Effectiveness of Machine Learning for COVID-19 Patient Mortality Prediction Using WEKA

Husnul Khuluq, Prasandhya Astagiri Yusuf, Dyah Aryani Perwitasari

Abstract


Timely detection of patients with a high mortality risk in coronavirus disease 2019 (COVID-19) can substantially improve triage, bed allocation, time reduction, and potential outcomes. A potential solution is using machine learning (ML) algorithms to predict mortality in COVID-19 hospitalized patients. The study's objective was to create and verify individual risk assessments for mortality using anonymous demographic, clinical, and laboratory findings at admission, as well as to assess the possibility of death using machine learning. We used a standardized format and electronic medical records. Data from 2,313 patients were collected from two Muhammadiyah hospitals from January 2020 to July 2022. Utilizing each patient's clinical manifestation state at admission and laboratory parameters, 24 demographic, clinical, and laboratory results were studied. The algorithms analyzed were AdaBoost, logistic regression, random forest, support vector machine, naïve Bayes, and decision tree, which were applied through WEKA version 3.8.6. Random forest performed better than the other machine learning techniques, with precision, sensitivity, receiver operating characteristic (ROC), and accuracy of 78.6%, 78.7%, 85%, and 78.65%, respectively. The three top predictors were septic shock (OR=21.518, 95% CI=4.933–93.853), respiratory failure (OR=15.503, 95% CI=8.507–28.254), and D-dimer (OR=3.288, 95% CI=2.510–4.306). Machine learning–based predictive models, especially the random forest algorithm, may make it easier to identify patients at high risk of death and guide physicians' appropriate interventions.


Keywords


Data mining; inpatient mortality; machine learning algorithm; prediction model

Full Text:

PDF

References


Centers for Disease Control and Prevention. COVID data tracker [Internet]. Atlanta: Centers for Disease Control and Prevention; 2023 [cited 2023 April 10]. Available from: https://covid.cdc.gov/covid-data-tracker.
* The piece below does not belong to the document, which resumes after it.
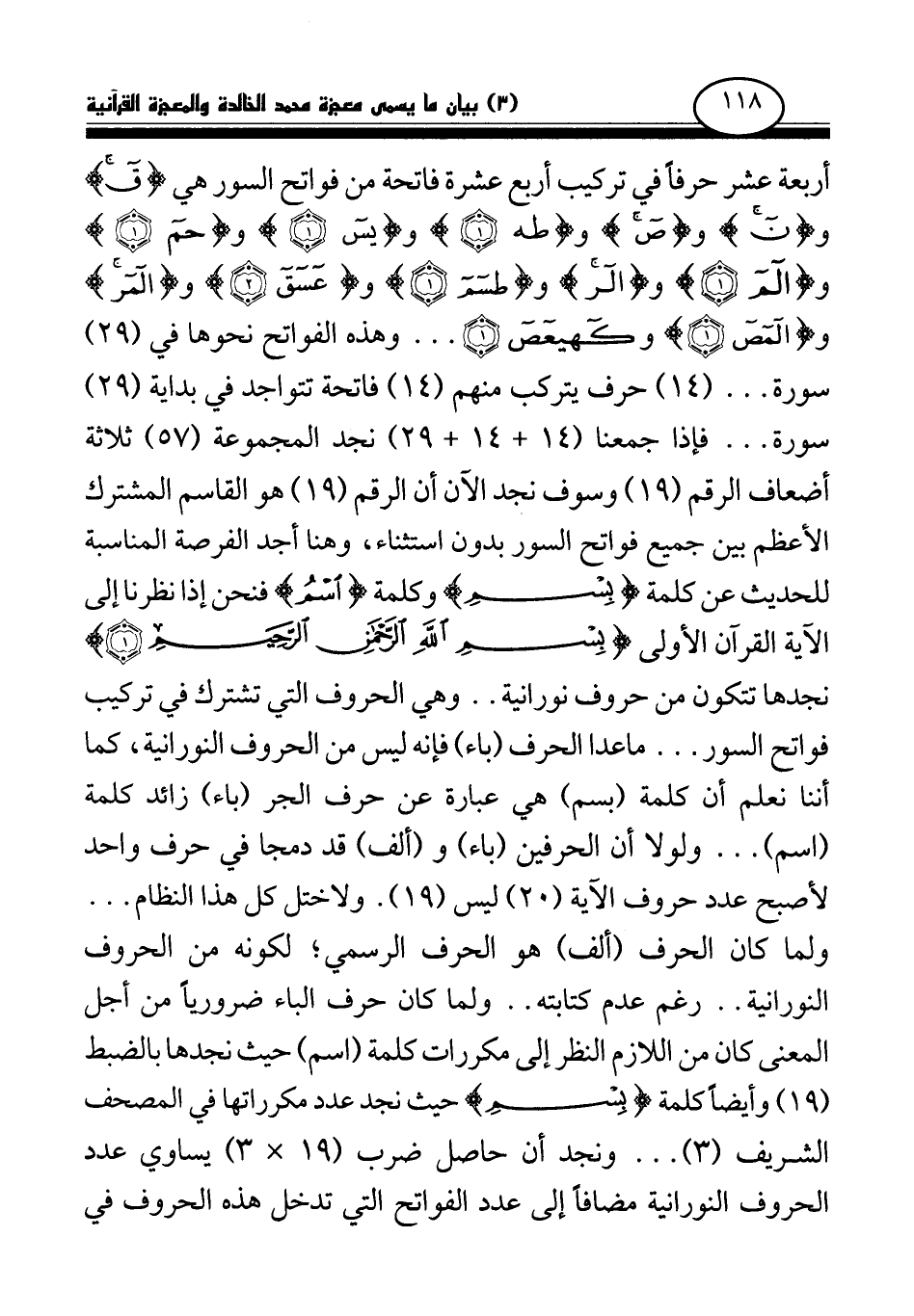 ولما كان الحرف (ألف) هو الحرف الرسمي؛ لكونه من الحروف النورانية.. رغم عدم كتابته.. ولما كان حرف الباء ضروريا من أجل المعنى كان من اللازم النظر إلى مكررات كلمة (اسم) حيث نجدها بالضبط (19) وأيضا كلمة بسم حيث نجد عدد مكرراتها في المصحف الشريف (3) ... ونجد أن حاصل ضرب (19 × 3) يساوي عدد الحروف النورانية مضافا إلى عدد الفواتح التي تدخل هذه الحروف في

Singhal T. A review of coronavirus disease-2019 (COVID-19). Indian J Pediatr. 2020;87(4):281–6.

Cucinotta D, Vanelli M. WHO declares COVID-19 a pandemic. Acta Biomed. 2020;91(1):157–60.

Cascella M, Rajnik M, Aleem A, Dulebohn SC DNR. Features, evaluation, and treatment of coronavirus. In: StatPearls [Internet]. Treasure Island (FL): StatPearls Publishing; 2023 [cited 2023 April 20]. Available from: https://www.ncbi.nlm.nih.gov/books/NBK554776.

Cummings MJ, Baldwin MR, Abrams D, Jacobson SD, Meyer BJ, Balough EM, et al. Epidemiology, clinical course, and outcomes of critically ill adults with COVID-19 in New York city: a prospective cohort study. Lancet. 2020;395(10239):1763–70.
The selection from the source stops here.